2. Executive Summary

  • Background & Motivation (Why):

    • Core Problem: Traditional recommender systems use a multi-stage "cascaded" architecture, which is inefficient and involves optimizing different objectives at each stage. Generative recommender systems like OneRec-V1 unify this into a single end-to-end sequence generation task. However, OneRec-V1 itself suffers from major bottlenecks.
    • Key Gaps in Prior Work (OneRec-V1):
      1. Computational Inefficiency: The standard encoder-decoder architecture used in OneRec-V1 is highly inefficient for recommendation. The encoder processes long user interaction histories, consuming the vast majority of computational resources (97.66%), while the decoder, which actually generates the recommendation, uses very little. This imbalance severely limits model scalability.
      2. Suboptimal Reinforcement Learning: OneRec-V1's RL phase relies on a separate "reward model" to provide feedback. This approach is inefficient (requires extra computation for scoring) and prone to "reward hacking," where the model learns to exploit flaws in the proxy reward model instead of genuinely improving user experience.
    • Innovation: OneRec-V2 introduces a novel, highly efficient architecture and a more direct RL framework. It shifts the paradigm from encoding-and-generating to a "lazy" generation process that only computes what is necessary for the next recommendation, and it aligns the model directly with real user satisfaction signals instead of a proxy model.
  • Main Contributions / Findings (What):

    1. Lazy Decoder-Only Architecture: A new transformer design that removes the encoder entirely. User history (context) is pre-processed and fed directly into the decoder's cross-attention layers as static key-value pairs. This design dramatically reduces computational load by 94% and training resources by 90%, enabling the model to scale to 8 billion parameters under the same budget.
    2. Preference Alignment with Real-World User Interactions: A post-training framework that uses direct user feedback for RL. It includes:
      • Duration-Aware Reward Shaping: A method to create a more accurate user satisfaction signal by normalizing video watch time against the video's total duration, mitigating inherent duration bias.
      • Gradient-Bounded Policy Optimization (GBPO): A novel RL optimization algorithm that improves upon PPO/ECPO by using all training samples (no clipping) and bounding gradients to prevent instability, especially from negative samples.
    3. Significant Real-World Impact: Extensive A/B tests on the Kuaishou app (400 million daily active users) demonstrated that OneRec-V2 improved App Stay Time by 0.467% to 0.741% over OneRec-V1, without the common "seesaw effect" (improving one metric at the expense of another).

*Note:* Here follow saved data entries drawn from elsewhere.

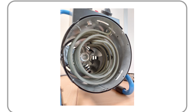
2 résistances indépendantes de 1500w chacune
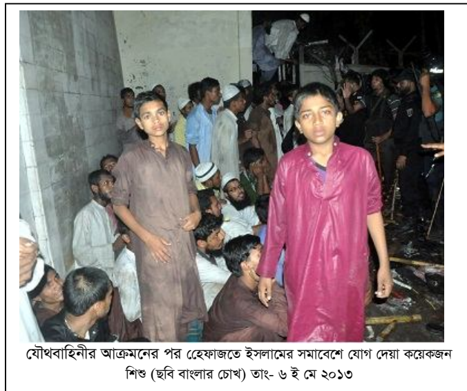
যৌথবাহিনীর আক্রমণের পর হেফাজতে ইসলামের সমাবেশে যোগ দেয়া কয়েকজন শিশু তাং- ৬ ই মে ২০১৩
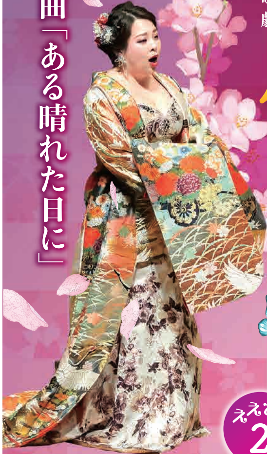
「ドリーム・コンチェルト2023」より

3. Prerequisite Knowledge & Related Work

  • Foundational Concepts:

    • Recommender Systems: Systems that predict user preferences and suggest relevant items (e.g., videos, products). Cascaded architectures are multi-stage pipelines (e.g., retrieval -> ranking -> re-ranking), where each stage filters or scores items.
    • Generative Recommendation: A new paradigm that frames recommendation as a sequence generation task, similar to how a language model generates text. The system "generates" a sequence of recommended item IDs directly.
    • Transformer Architecture: A neural network architecture based on the attention mechanism. It consists of:
      • Encoder: Reads and processes an input sequence to create a rich contextual representation.
      • Decoder: Generates an output sequence one token at a time, using its own previously generated tokens (self-attention) and the encoder's output (cross-attention).
    • Autoregressive Generation: A process where each element in a sequence is generated based on the elements that came before it. This is the core mechanism of models like GPT.
    • Reinforcement Learning (RL): A machine learning paradigm where an agent learns to make decisions by performing actions in an environment to maximize a cumulative reward. In this context, the recommender system is the policy, a recommendation is an action, and user satisfaction (e.g., watch time) is the reward.
    • Model FLOPs Utilization (MFU): A measure of how effectively a model's theoretical peak floating-point operations per second (FLOPs) are utilized during training. High MFU means efficient computation.
    • Mixture-of-Experts (MoE): A technique to increase model size without a proportional increase in computation. An MoE layer consists of many "expert" sub-networks, and a routing mechanism selects only a few experts to process each input token.
    • Grouped Query Attention (GQA): An optimization of the attention mechanism where multiple query heads share a single key-value head, reducing memory usage and access costs.
  • Previous Works:

    • OneRec-V1 (Zhou et al., 2025): The direct predecessor. It established the viability of generative recommendation at an industrial scale using an encoder-decoder architecture and RL with a reward model. This paper explicitly positions OneRec-V2 as the solution to V1's identified scalability and alignment problems.
    • Other Generative Models (GPT, LLaMA): The paper draws heavy inspiration from the success and scalability of large language models, adopting their autoregressive, decoder-centric design philosophy.
  • Technological Evolution: The paper charts an evolution from inefficient, multi-stage recommenders to a more unified generative approach (OneRec-V1) and finally to a hyper-efficient, scalable, and better-aligned generative system (OneRec-V2).

  • Differentiation:

    • vs. Encoder-Decoder (OneRec-V1): The Lazy Decoder-Only architecture eliminates the encoder, which is the primary computational bottleneck in V1.
    • vs. Naive Decoder-Only: A naive decoder-only model would process the entire user history and target item together autoregressively, leading to massive, redundant computations on the static user history. The Lazy Decoder-Only design avoids this by treating the user history as a fixed context, computing its representation only once.
    • vs. Reward Model RL (OneRec-V1): OneRec-V2 uses direct user feedback (watch time) for its reward signal, avoiding the need for a separate, potentially flawed reward model. Its GBPO algorithm is also custom-designed for better stability.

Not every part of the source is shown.